Longitudinal research on H. pylori antibody titers requires sophisticated analytical approaches to capture dynamic patterns and interindividual variations. Data from long-term follow-up studies reveal that antibody titer decline after eradication therapy follows a non-linear trajectory with substantial interindividual variation . The decline slope between the 75th vs. 25th percentile subjects differs considerably, suggesting that pre-treatment antibody titer may influence the quantitative response to treatment .
To address this complexity, researchers should employ mixed-effects modeling with random intercepts and slopes to account for baseline differences and individual-specific trajectories. Smoothed-spline curves, as utilized in the JPHC-NEXT Study, effectively illustrate the non-linear pattern of seroreversion over time . Researchers should also consider stratifying analyses by baseline antibody levels, as initial titers may predict subsequent decline rates.
For categorical classification in longitudinal studies, researchers may need to establish time-dependent thresholds, recognizing that a substantial proportion of successfully treated individuals remain in an intermediate serological state (3-<10 U/mL) for extended periods: 42.4% at <1 year, 50.0% at 1-5 years, and 33.3% at 6+ years post-treatment .
What special considerations should inform H. pylori antibody testing methodology in pediatric research populations?
Pediatric research involving H. pylori antibody testing presents unique methodological challenges that require specific adaptations. Evidence indicates that the diagnostic performance of antibody testing varies significantly by age group. In younger children (1-5 years), the difference in antibody titers between H. pylori-positive and -negative subjects was not statistically significant, in contrast to older cohorts (6-11 and 12-18 years) where this difference was highly significant (p=0.004 and p=0.01, respectively) .
This age-dependent performance likely reflects the developmental maturation of the humoral immune response. Researchers focused on pediatric populations should therefore consider age-stratified analysis and potentially higher rates of confirmatory testing in younger subjects.

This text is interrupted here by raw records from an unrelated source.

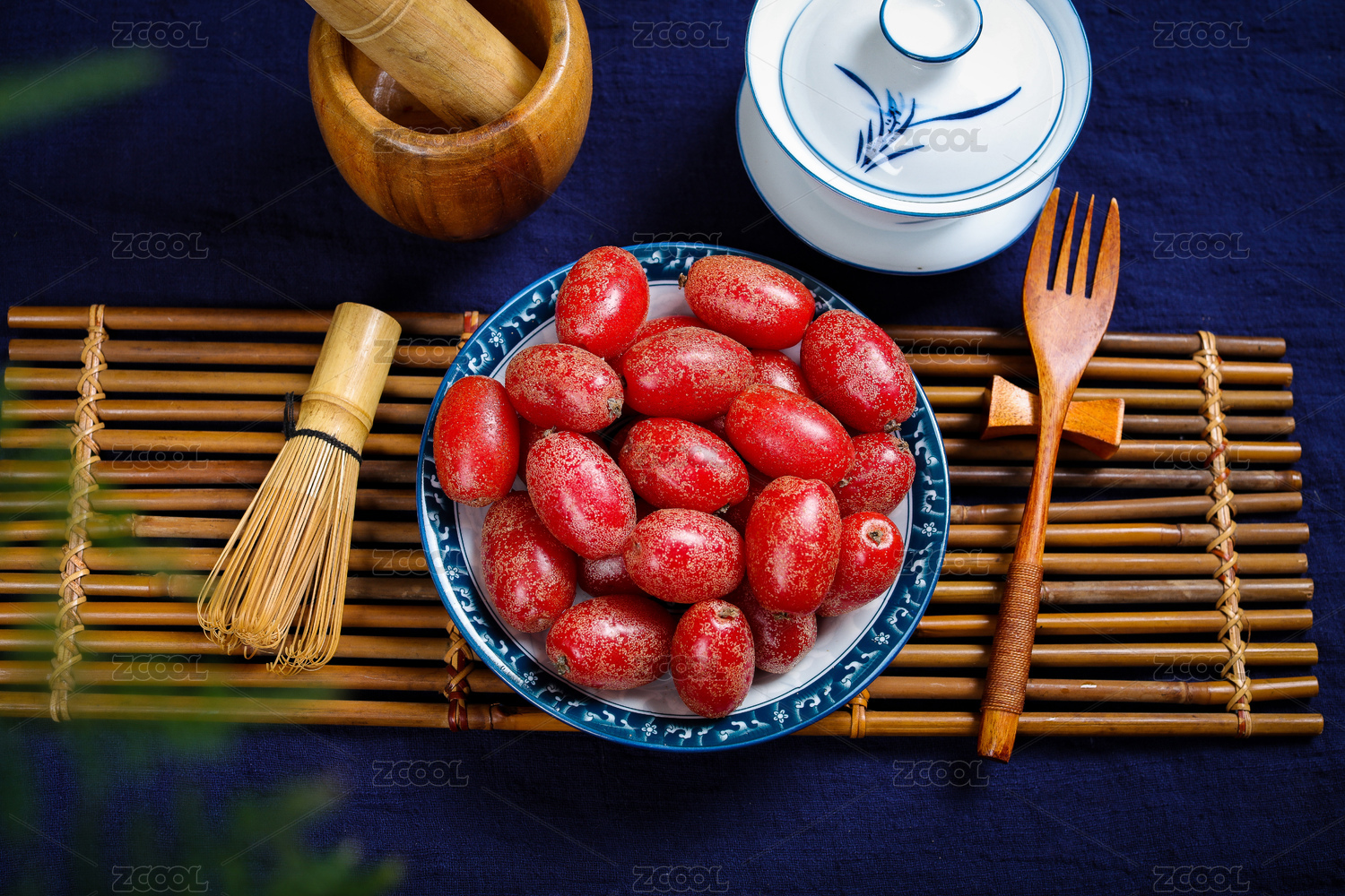 雙拼石墊上放著一堆新鮮云南羊奶果
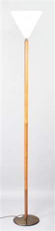 lampada da terra con struttura in legno di pero e base in metallo, parte superiore in vetro satin
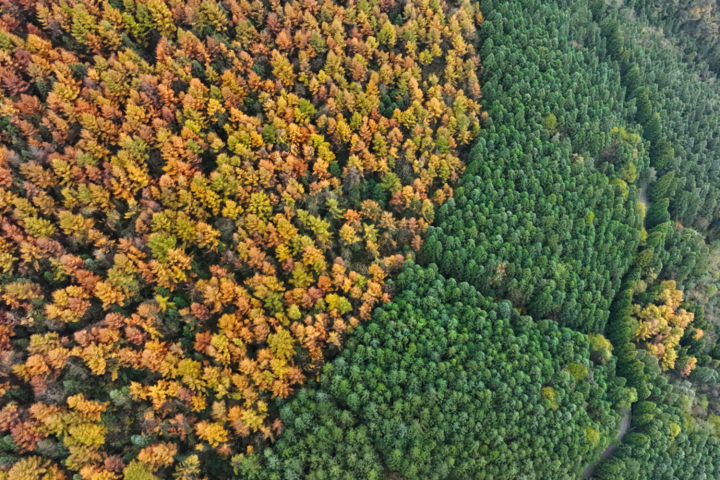 初冬,黔江国家森林公园灰千梁子景区迎来了最迷人的季节。森林里一侧落叶松金黄灿烂,一侧柳杉翠绿如初,两种颜色相接,呈现出“平分秋色”的美丽景观(无人机照片),吸引了众多游客前往打卡、游玩。
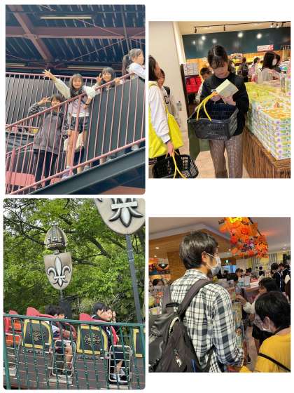 2日目はみろくの里に行きました!!!班ごとに遊園地を楽しく回ることができました。ジェットコースターやゴーカートなどおもしろいアトラクションがいっぱいありました!途中で雨が降ってきましたが、乗りたいものにはほとんど乗れたようです!
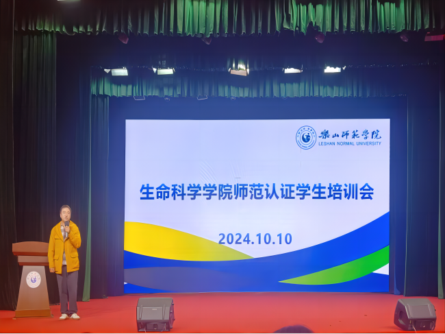 本网讯(文/罗燕、沈芝芳 图/杜明洁)为推动教学工作高质量发展,扎实推进师范类专业认证工作,持续提高师范生人才培养质量,10月10日下午,生命科学学院在实训楼多功能厅举办2024年师范类专业认证学生专题培训会,会议由学院党委副书记包天骏主持、外国语学院专业负责人王柯芦老师主讲,各年级辅导员及学院生物科学专业全体学生参加。
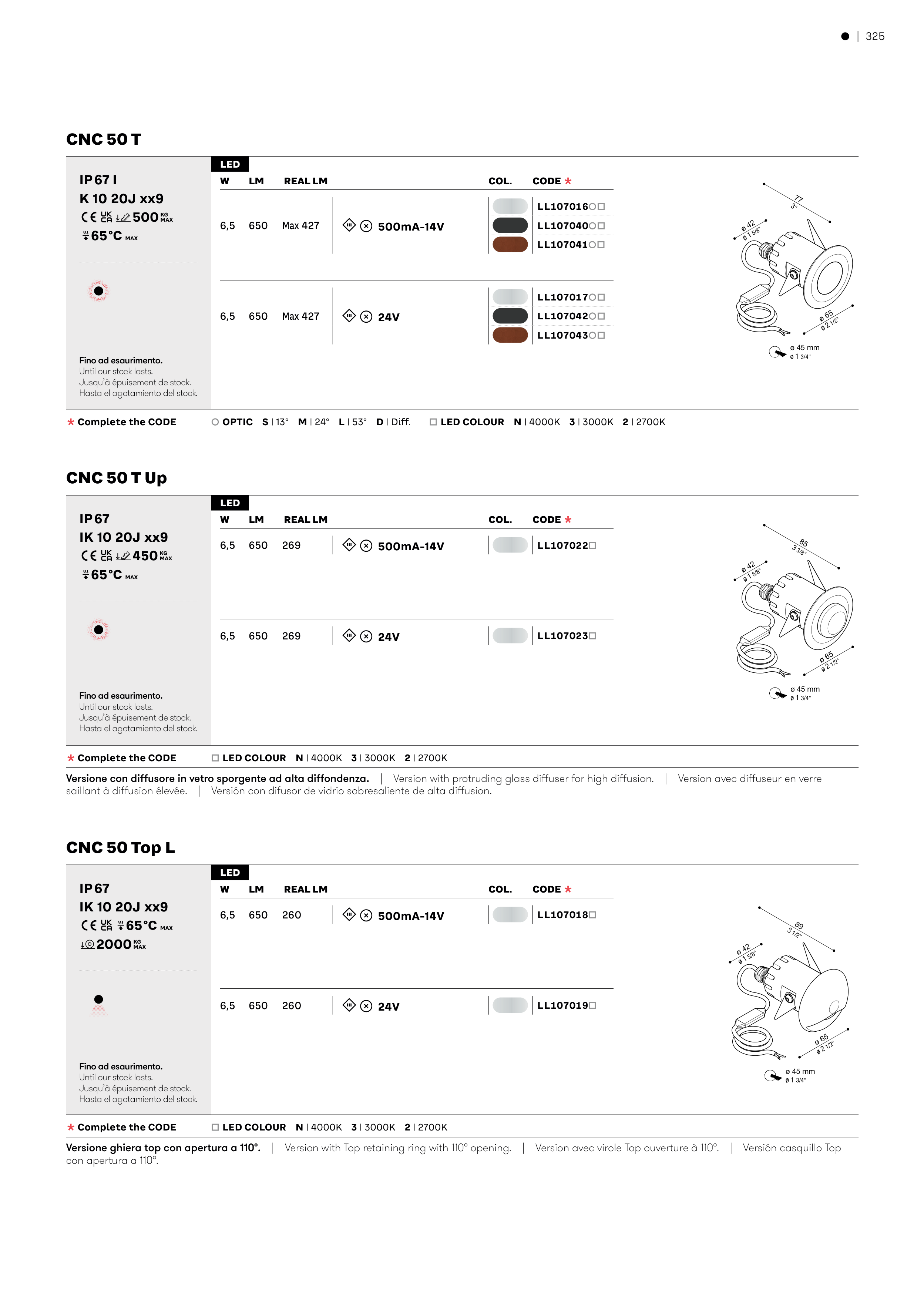 È OPTIC S | 13° M | 24° L | 53° D | Diff. Ä LED COLOUR N | 4000K 3 | 3000K 2 | 2700K
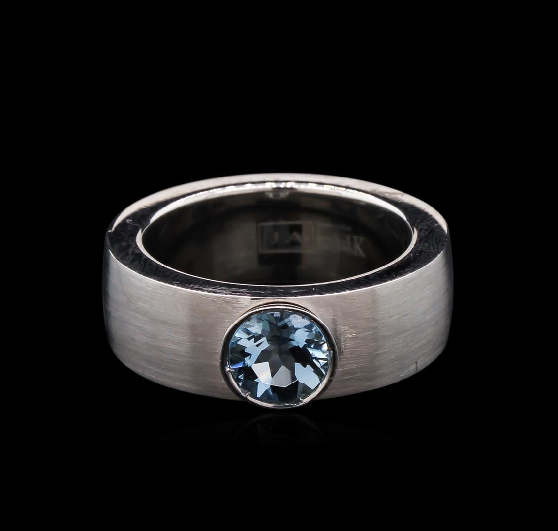 One solitaire ring featuring: 14KT white gold weighing 20.13 grams containing one aquamarine with a total weight of 1.10ct.
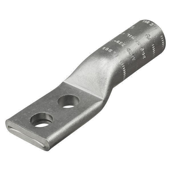 The ILSCO Compression Lug, model CLWD-700-12-134, is designed for connecting copper conductors with a size ranging from three hundred fifty to seven hundred kcmil. This lug features two holes for secure fastening with a half inch bolt size and has a hole spacing of one and three-quarter inches. The tin plating ensures durability and resistance to corrosion.
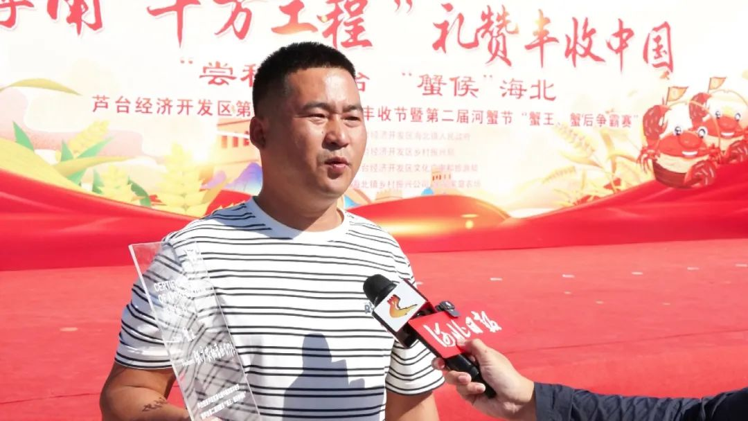 唐山芦台经济开发区张广村农机专业合作社党支部书记 刘开亮:今年稻蟹混养我们螃蟹得到了满意的大丰收,从一开始撒的五千斤,现在已经达到了一万五千斤的产量,今年的水稻比去年亩产增收了500斤。
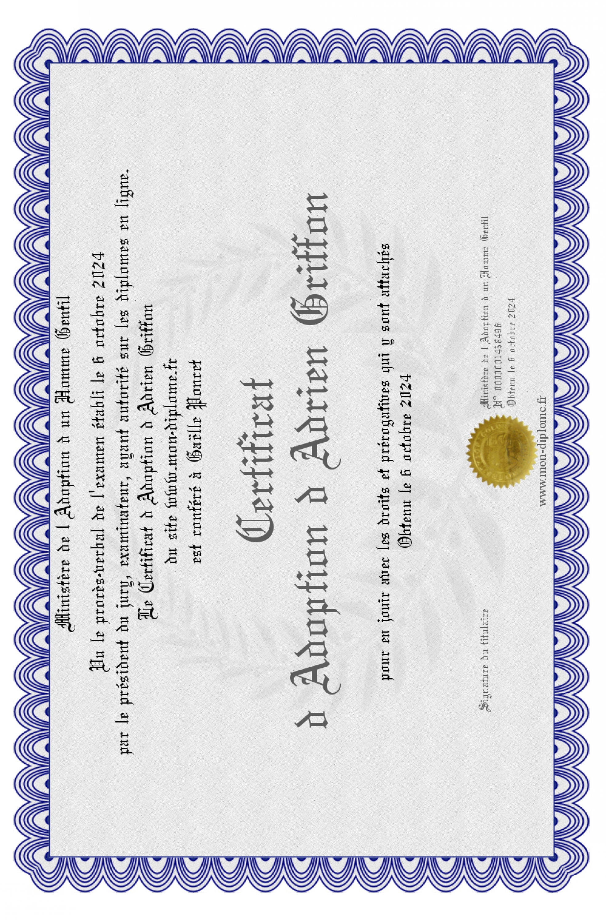 Envoyez par email votre Certificat d Adoption d Adrien Griffon personalisé
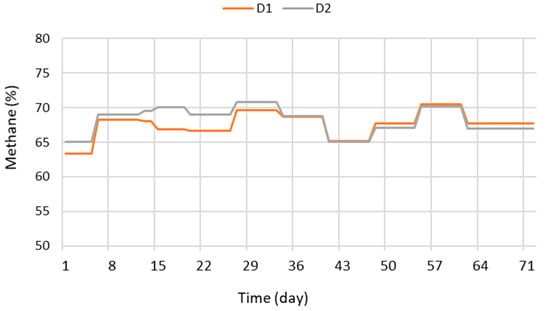 The concentration of methane in biogas resulted in the ranges 63.3–70.5% and 65.0–70.8% for D1 and D2, respectively (Figure 4), results comparable to those from the AD of swine manure [2] and higher than methane concentrations in biogas from bovine manure [3,10]. The literature on the AD of aquaculture effluents reports variable results in terms of methane concentration in biogas: Lanari and Franci [5], for example, reported 80% of CH4 from the AD of trout effluents, while other authors presented values between 48.9 and 57.6% CH4 in biogas from Atlantic salmon effluents [4].
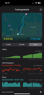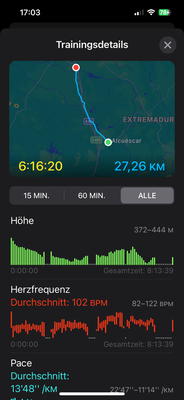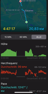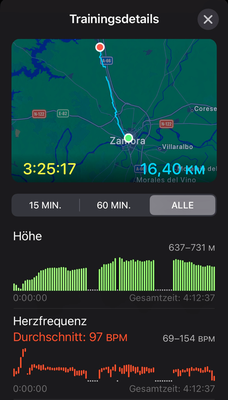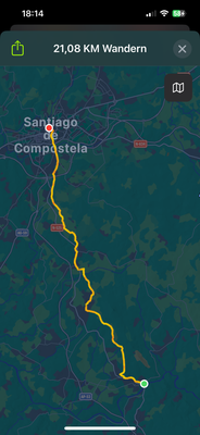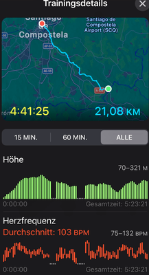 Einstieg um schon gleich im Shirt zu laufen. Die ersten u die letzten 5 km bis Santiago ging es vor allem ständig kräftig bergauf. Der Streckenverlauf war so, als ob man sich im Allgäu befinden
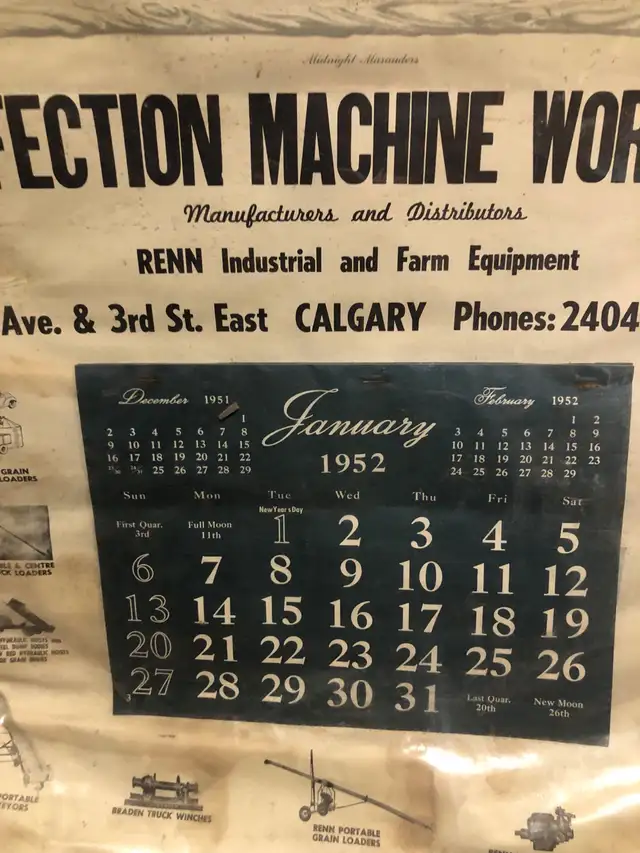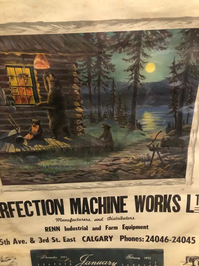 Most likely a one if a kind loxal Calgary advertising calendar from 1952– not perfect but pretty dang close— wrapped in plastic— from Perfection Machine Works/ besutiful calendar 35 x 21

The study identified cases where children had histologically confirmed H. pylori infection despite negative antibody results, highlighting the risk of false negatives in this population .
Alternative or complementary diagnostic approaches, such as fecal antigen testing (sensitivity 52.9%, specificity 98.9%) or endoscopic methods, may be particularly important in pediatric research contexts . When endoscopy is performed, concurrent tissue rapid urease testing provides additional diagnostic information, although discordance with histology can occur in both directions.